眼神时而清澈如秋水,时而迷离似雌兔又时而狠辣决绝,真的猜不透他到底抓我来干嘛。当我是北国的间谍了?都怪司马翔,也不叫我点江湖常识,要不然我犯得着因为一匹马惹事吗。我还急等着赶路呢!
“皇城。”
“皇城里住着的砍柴女?我虽然十几年没回皇城了,但是皇城还不至于变成深山老林!”
“我,我爹在家砍柴,我去……”我正在琢磨怎么圆这个谎,他打断了我的话。
“直说吧,花如云是你什么人?”他盯着我的眼睛,没一丝表情。又是花如云,现在能让我换张脸就好了,老是活在花如云的影音里……
“我怎么知道,难道姓花的我都该认识吗?”
“你是北国的公主,慕容环空的女儿,你娘叫花如云,曾经是大余国的一名宫女。我解释的够清楚了吧,慕容姑娘?”
“我不知道你到底打的什么算盘,这么抬举我我也不敢当,我还急着赶路,麻烦庸王行个方便。”花如云的女儿顶多也就十四五岁吧,我看着像吗?相对于十四五岁的娃们,我简直是老太婆了……我知道再装可怜也没用,也就不做那么连我自己都树汗毛的事了。
“你急着去南国干嘛?那可是比坟墓更可怕的地方。”
“找人。”我冷冷地说道。
“找谁?”
“跟你没关系,反正你打你的算盘,我说什么你都不会信,你爱怎么就怎么着吧。”
“老掌柜的,你继续回去开店,让昆儿和杨束留下。这位姑娘我自有安排。让守卫都下去吧,任何人不得进来。”他支开周围的人。
“是。他一起的那个傻子送“池子”里去了。”
“让杨束把那人带到王府安置,不可怠慢。”
“是。”老掌柜就这么安分地走了。周围的人果然被调走了,感受不到有第三个人的气息。
“老实告诉你吧,玉弓三郎是我伤的,真没想到堂堂空王的女儿会亲自出马为他找解药。我真是小觑了弓行派在北国的影响。不过,也奇怪了,弓行派一千弓手,一千玉剑手,若散到中原,个个都是一等一的高手,你虽然轻功了得,但是武功跟弓行派的弓剑联手比起来,可差多了。就算要配置解药也是弓行派的未来的掌门弓奴来,还轮不到你。你来中原到底有什么目的?”

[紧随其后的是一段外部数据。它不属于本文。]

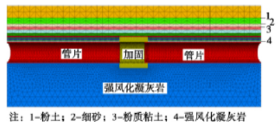 为了研究覆岩厚度对围岩稳定性的影响,分别建立了隧道上方岩层厚0 m、0.5 m、1 m、1.5 m、2 m、3 m、4 m、6 m、8 m、10 m 的模型,岩层上方依次为粉质黏土( 厚度11.5 m) 、细砂( 4 m) 、粉土地层( 7.8 m) ,并分别对不同覆岩厚度的模型进行流固耦合计算。图3 给出了覆岩厚度为0.5 m 的模型。本小节以覆岩0.5 m 的模型为例,具体分析围岩位移、海底地层沉降、隧道围岩变形及土压力随施工过程的变化规律。
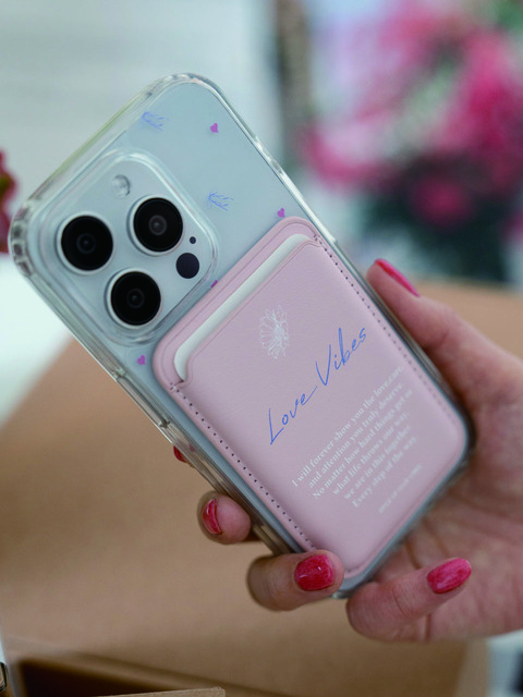 [수이브] S거베라 베이비핑크 2장수납 비건레더 맥세이프 카드지갑 케이스
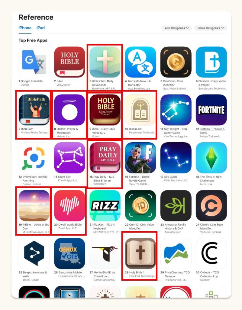 I’ve covered multiple other Bible app apps in the last Christian Tok thread. You can spot at least 12 of them in the top 40. BiblePath just hit #7 & it was pushed to the AppStore June 6th. Some of them crushing with short form video content.

“弓形派没你说的那么多人,一千弓手一千玉手只不过是夸张的说法而已。你既然说你伤的弓形派,那其他三个人是谁?”
“和你没关系,除非你真的是空王的女儿……”
“是又怎么样?不是又怎么样?你要那匹马,我给你,我只是江湖上一个普通的杀手,说实话你也未必信。”
“杀手?据掌柜的说,你可能是白影……”
“然后呢?你打算怎么对付白影?要杀要刮?”
“白影我是动不得的,若你是白影我会好好供着你。但是目前看,空王的女儿不可能是白影……”
“你真的在对牛弹琴!凭什么说我是什么王的女儿?我哪点像北国人了?我的口音像北国人吗?”狠狠地盯着他,跟我玩这招,我的眼睛可不比你小!
“别的不说,你这张脸……”说着捏起我的脸,狠狠地瞧着,“天下除了她的女儿,谁还会有这张脸?呵呵……”笑的极其阴冷。
“这张脸就是个祸害……”我自言自语道,虽然我和她、她女儿年纪都差一截,但还是老被认错。
他突然抓住我的手腕,笑的很冷:“弓行派想跟我玩,好啊,我倒要看看你能玩出什么花招!”说完拉着我一步一步慢慢地走向堂上,绕过桌子,把我往椅子上一按,一转桌上的笔盒,墙突然转了起来,我被点了穴,动不了,眼睁睁地被转到墙后的密室里,看着一张轮廓分明的天人般的笑脸消失在视线里。